IN RE ABAIGAIL C.

Decision Date30 May 2001
Docket NumberNo. 1560,1560
PartiesIn re ABIAGAIL C.
CourtCourt of Special Appeals of Maryland

Mary J. Pizzo, Asst. Public Defender (Stephen E. Harris, Public Defender on the brief), Baltimore, for appellant.

C.J. Messerschmidt, Asst. Atty. Gen. (J. Joseph Curran, Jr., Atty. Gen. on the brief), Baltimore, for appellee.

Submitted before DAVIS, DEBORAH S. EYLER and PAUL E. ALPERT (Ret'd, Specially Assigned), JJ. DEBORAH S. EYLER, Judge.

The Circuit Court for Washington County granted a petition for guardianship with right to consent to adoption or long-term care short of adoption filed by the Washington County Department of Social Services ("the Department"), the appellee, with respect to Abiagail C.1 That ruling terminated the parental rights of Abiagail's natural parents, Chinninia C., the appellant,2 and Charles L. On appeal, the appellant raises the following questions, which we have rephrased:

I. Did the trial court err in denying her motion to dismiss the Department's petition when there was no ruling by the court within 180 days of the filing of the petition?

II. Was the evidence legally sufficient to support the termination of her parental rights?

For the following reasons, we shall affirm the judgment of the circuit court.

FACTS AND PROCEEDINGS

On July 31, 1997, following reports that she had been sexually abused by her mother's boyfriend and by Charles L., an adult, the appellant, then thirteen years old, was adjudicated a Child In Need of Assistance ("CINA") and removed from her home. At the time, she was pregnant by Charles L.
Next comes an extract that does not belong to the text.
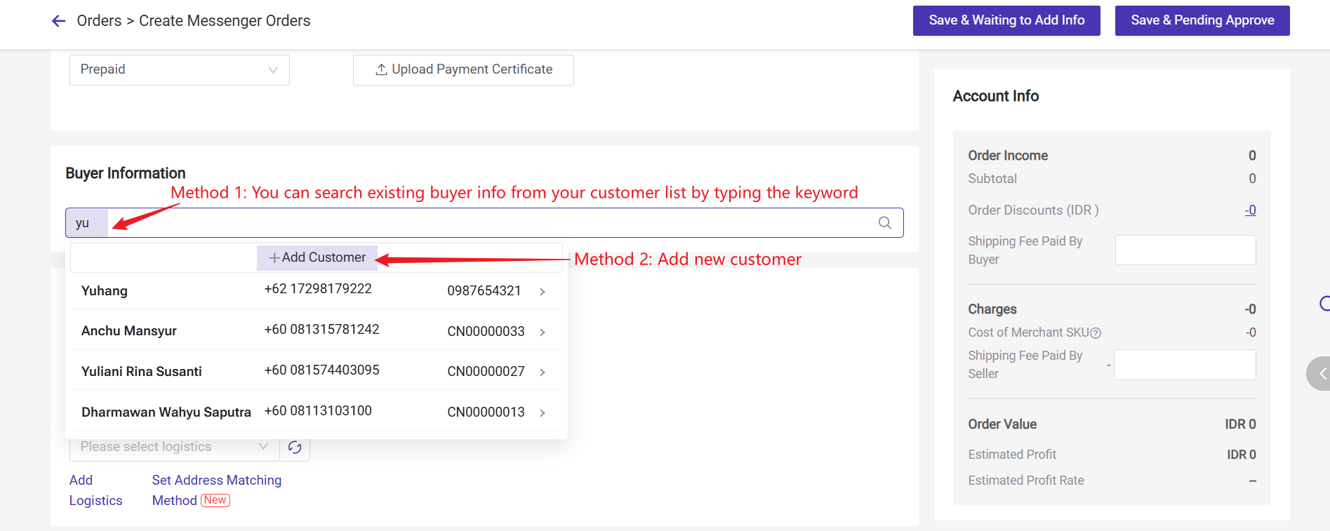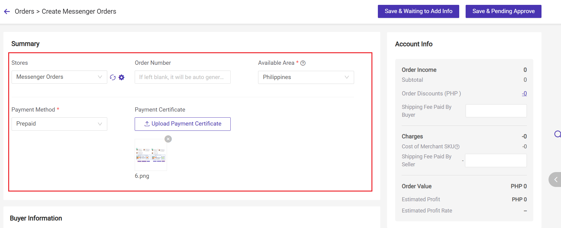 - Save & Waiting to Add Info: The buyer info and seller info can be empty.

During the first four months after being found a CINA, the appellant lived in several foster homes. In each home, she exhibited oppositional behavior, resisting her foster parents' attempts to discipline her and generally having difficulty getting along with them. On October 21, 1997, the appellant moved into the foster home of Lisa and David J. She was living there when Abiagail was born, on January 17, 1998.

Before Abiagail's birth, the J.s, like the foster parents preceding them, had found the appellant to be defiant and non-cooperative. She did not follow their rules, would not keep herself clean, dress appropriately, eat or sleep properly (even though she was pregnant), and wanted to "run on the streets" with boys.

After Abiagail was born, the J.s tried to help the appellant learn how to care for the baby, with little success. The appellant became easily frustrated with having to care for an infant. She would shout at Abiagail and one time threw her onto the bed. The J.s had to constantly remind the appellant to feed and change Abiagail. When Abiagail would cry at night, the appellant often ignored her. Because of the appellant's persistent lack of cooperation, the J.s had to intervene to care for Abiagail themselves.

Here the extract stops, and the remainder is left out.